Así, del Informe de ACNUR de noviembre de 2018, del "Informe del Alto Comisionado de las Naciones Unidas para los Derechos Humanos, Situación de los derechos humanos en Colombia", en su versión actualizada a fecha 8 de mayo de 2020, y del último informe de derechos humanos realizado por la organización no gubernamental Human Rights Watch en Colombia, de 2023, se desprende que ni el perfil del solicitante ni la realidad colombiana están comprendidos en los supuestos que el citado artículo 10 señala como de daños graves para la protección subsidiaria.

En consecuencia, procede desestimar el recurso y confirmar la resolución recurrida.

SÉPTIMO: En virtud de lo dispuesto en el artículo 139 de la Ley Jurisdiccional y atendiendo al criterio del vencimiento, procede condenar a la parte recurrente en las costas de este proceso con el límite de 1.000 euros.

Vistos los preceptos legales citados y demás de general y pertinente aplicación,

Fallo

Desestimar el recurso contencioso administrativo interpuesto por el Procurador D. Javier González Fernández, en nombre y representación de Dª Antonieta , nacional de Colombia, contra la resolución del Ministerio del Interior de fecha 19 de enero de 2021, denegatoria de la solicitud de protección internacional, resolución que declaramos conformes a derecho.

Con expresa imposición de costas a la parte recurrente, en los términos del último fundamento jurídico.
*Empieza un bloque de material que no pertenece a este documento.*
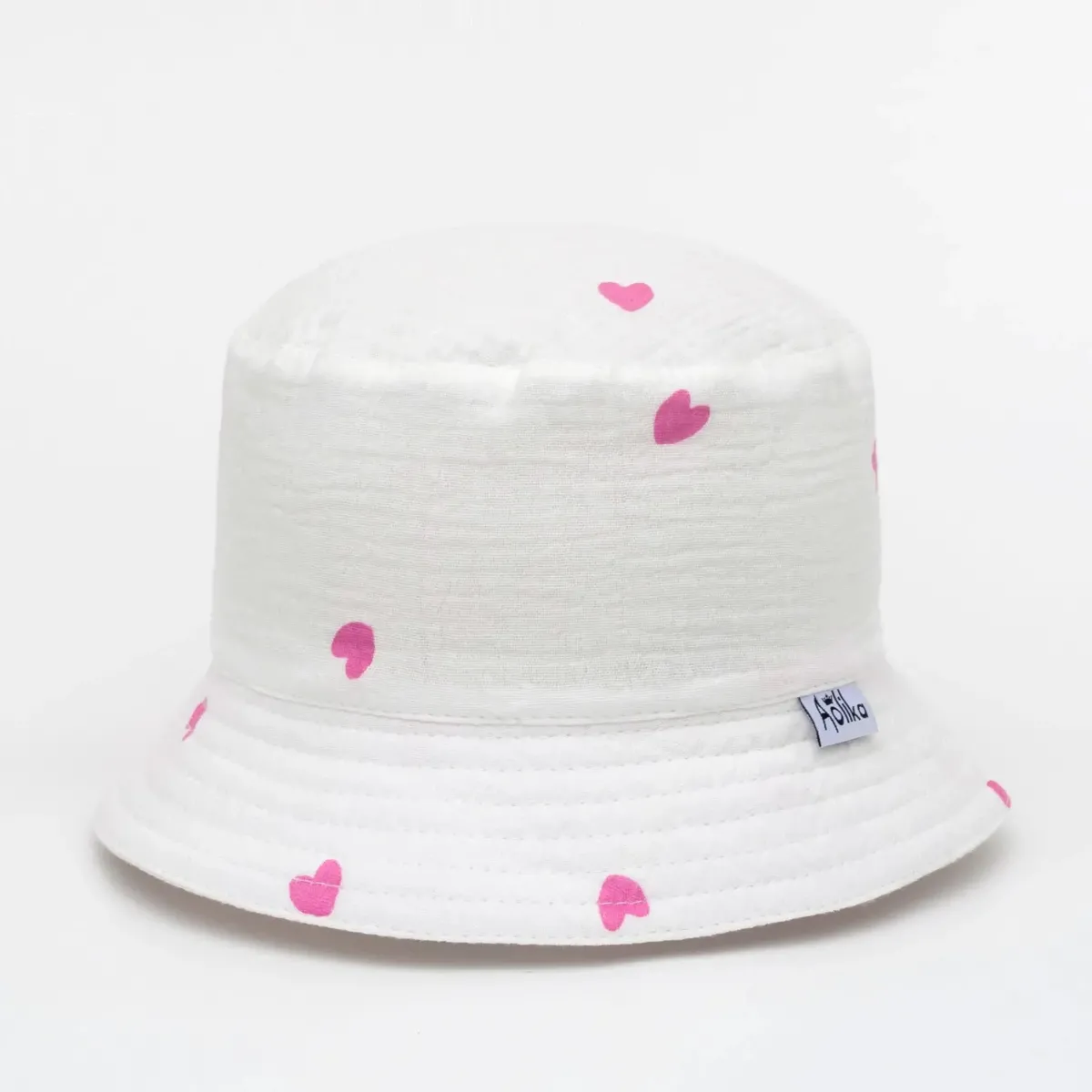 Літня муслінова панама з принтом рожеві сердечка. Якісний матеріал захищає від сонячних променів і забезпечує обіг повітря для запобіганню запотівання. Рекомомендуємо на вік від 9 місяців до 1.5 роки.

La presente sentencia es susceptible de recurso de casación que deberá prepararse ante esta Sala en el plazo de 30 días contados desde el siguiente al de su notificación; en el escrito de preparación del recurso deberá acreditarse el cumplimiento de los requisitos establecidos en el artículo 89.2. de la Ley de la Jurisdicción justificando el interés casacional objetivo que presenta.

Lo pronunciamos, mandamos y firmamos.